» **DATA**:
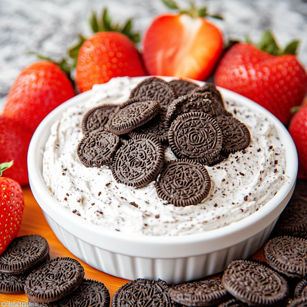 A rich and creamy no-bake Oreo dip made with cream cheese, whipped topping, and crushed Oreos—perfect for parties and sweet snacking.
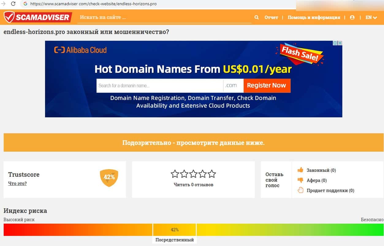 Подставная контора Endless-Horizons Pro по мнению уважаемого интернет-ресурса scamadviser com имеет посредственный индекс риска 42 %, что вызывает крайне сильные опасения.
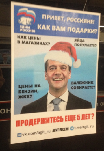 А глава петербургского отделения Кудрявцев сделал в Александровском саду инсталляцию в виде надгробия с фотографией президента страны. За это он получил 9 суток ареста. Другие активисты распространяли антиправительственные плакаты в метро СПб.
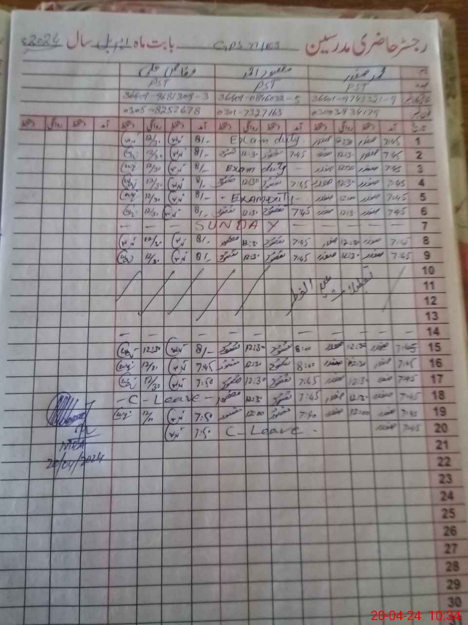 | CNIC | Full Name | Designation | R/C | Absence During Last Calender Month |
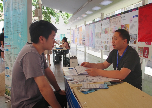 图为学生吴锦华向企业了解情况 摄影:张婉静
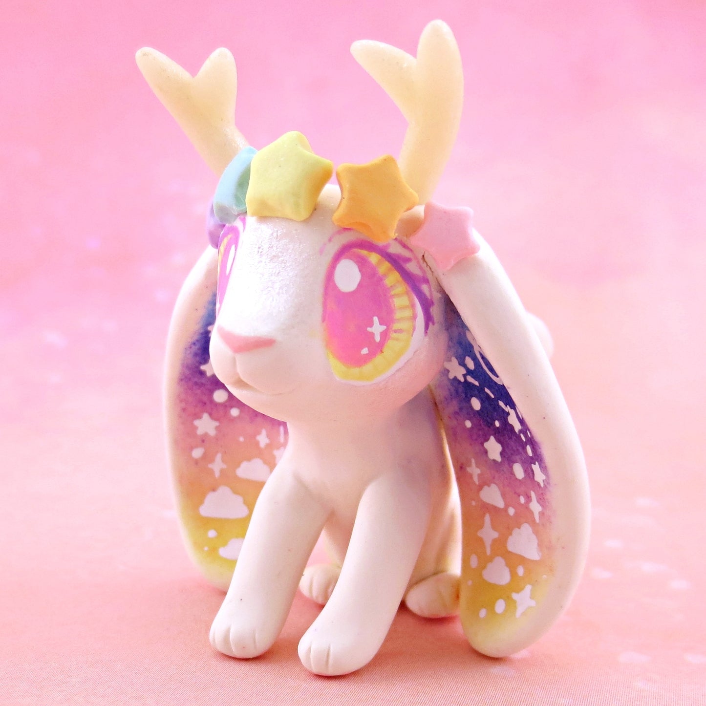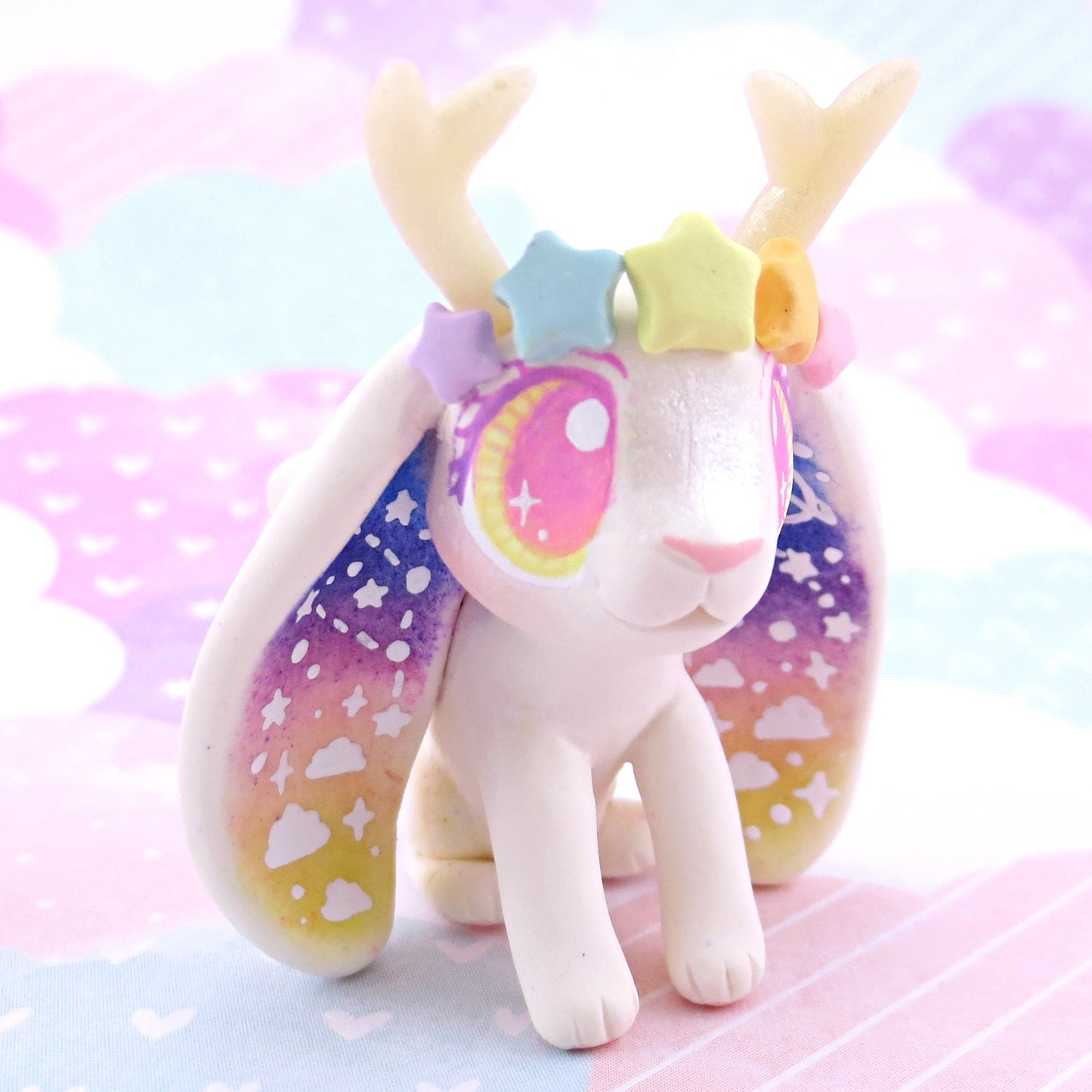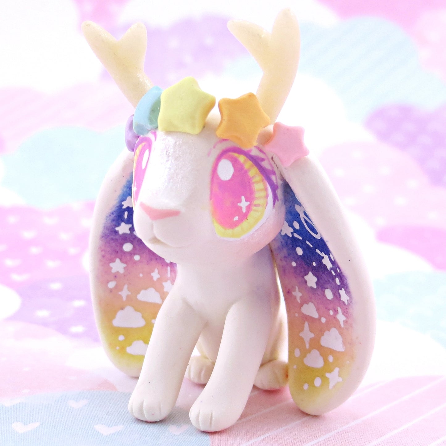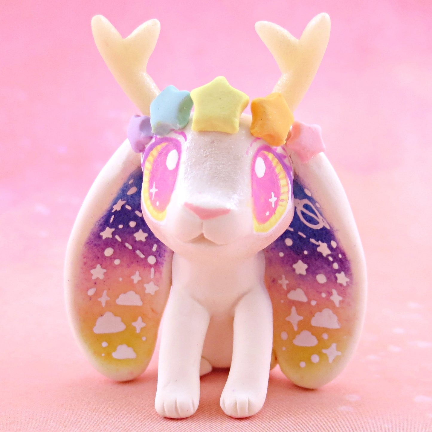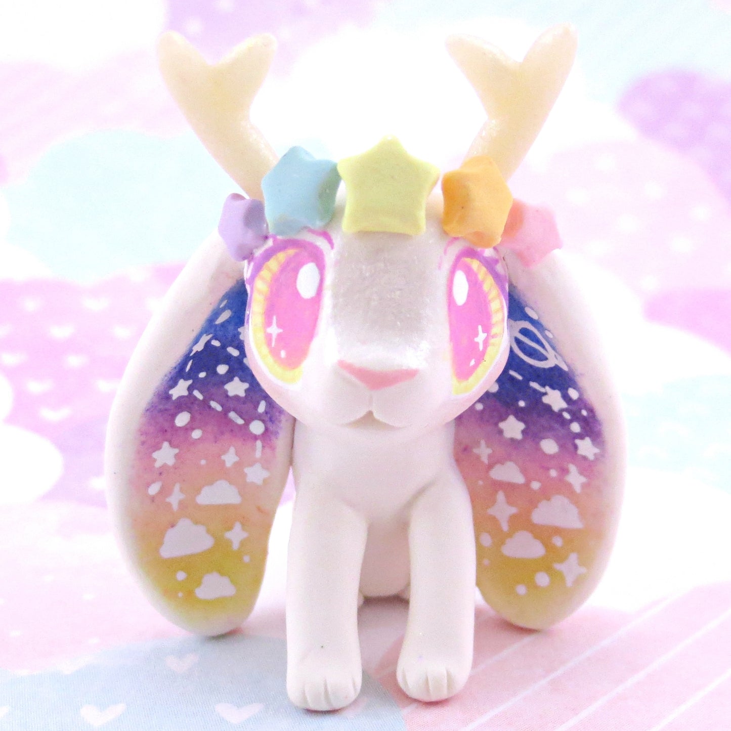 Galaxy Ears Jackalope Wolpertinger Figurine - Polymer Clay Animals

» **WHAT YOU SHOULD DO**: The output should consist of the records above, reproduced exactly, without pictures.

» **EXERCISE RESULT**:
 A rich and creamy no-bake Oreo dip made with cream cheese, whipped topping, and crushed Oreos—perfect for parties and sweet snacking.
 Подставная контора Endless-Horizons Pro по мнению уважаемого интернет-ресурса scamadviser com имеет посредственный индекс риска 42 %, что вызывает крайне сильные опасения.
 А глава петербургского отделения Кудрявцев сделал в Александровском саду инсталляцию в виде надгробия с фотографией президента страны. За это он получил 9 суток ареста. Другие активисты распространяли антиправительственные плакаты в метро СПб.
 | CNIC | Full Name | Designation | R/C | Absence During Last Calender Month |
 图为学生吴锦华向企业了解情况 摄影:张婉静
 Galaxy Ears Jackalope Wolpertinger Figurine - Polymer Clay Animals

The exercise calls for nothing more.